Speech - 26th August 2008
The Hon Nicola Roxon MP
Catholic Health Australia National Conference: “Catching the Wave ”
Keynote Address, Surfers Paradise, 26 August 2008
Thank you for having me here to as keynote speaker at your national Conference – “Catching the Wave”. It is a timely conference theme, given the wave of needed change that is washing across the country following the election of the Rudd Labor Government.
It is an honour to be part of a team which has put the propeller in the water and stirred up some momentum in the health reform debate. Organisations like CHA have always been prepared to look at new ideas, often come up with them yourselves and we look forward to working with you in the coming months and years – that is why I am here although parliament is sitting today and I’ll need to head promptly back to a colder climate after this address!

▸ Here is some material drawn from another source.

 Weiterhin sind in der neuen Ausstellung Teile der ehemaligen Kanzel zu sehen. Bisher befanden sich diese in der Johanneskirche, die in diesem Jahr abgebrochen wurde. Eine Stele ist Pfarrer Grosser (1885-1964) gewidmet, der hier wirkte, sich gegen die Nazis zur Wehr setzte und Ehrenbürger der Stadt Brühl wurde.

Today I’d like to talk about the future of the Australian health system, and in particular where the Government’s reform agenda is heading. I’d also like to address a key issue of concern to you – the way we see the public and private systems fitting together in the modern health system for the coming generations.

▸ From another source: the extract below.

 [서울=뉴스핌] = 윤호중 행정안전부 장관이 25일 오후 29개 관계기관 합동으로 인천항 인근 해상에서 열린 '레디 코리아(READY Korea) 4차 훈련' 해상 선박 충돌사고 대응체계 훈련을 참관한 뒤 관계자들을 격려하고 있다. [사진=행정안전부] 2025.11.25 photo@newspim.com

In my view, only the most ardent sceptics believe there is any life left in the question of whether or not to reform. To us, whether to reform is now no longer an option – it’s a matter of why, when and how. The “do nothing” alternative – that favoured by the last government - is to be engulfed by a wave of a different kind –
• of poor health outcomes due to preventable chronic disease, fuelled by obesity;
• of unsatisfied demand for health care due to rising costs, rising demand, workforce shortages, mal-distribution and underutilisation and the ageing of the population (to name just a few!); and
• very worryingly, an increasing gap between communities and individuals which have the health services they need, and those which do not.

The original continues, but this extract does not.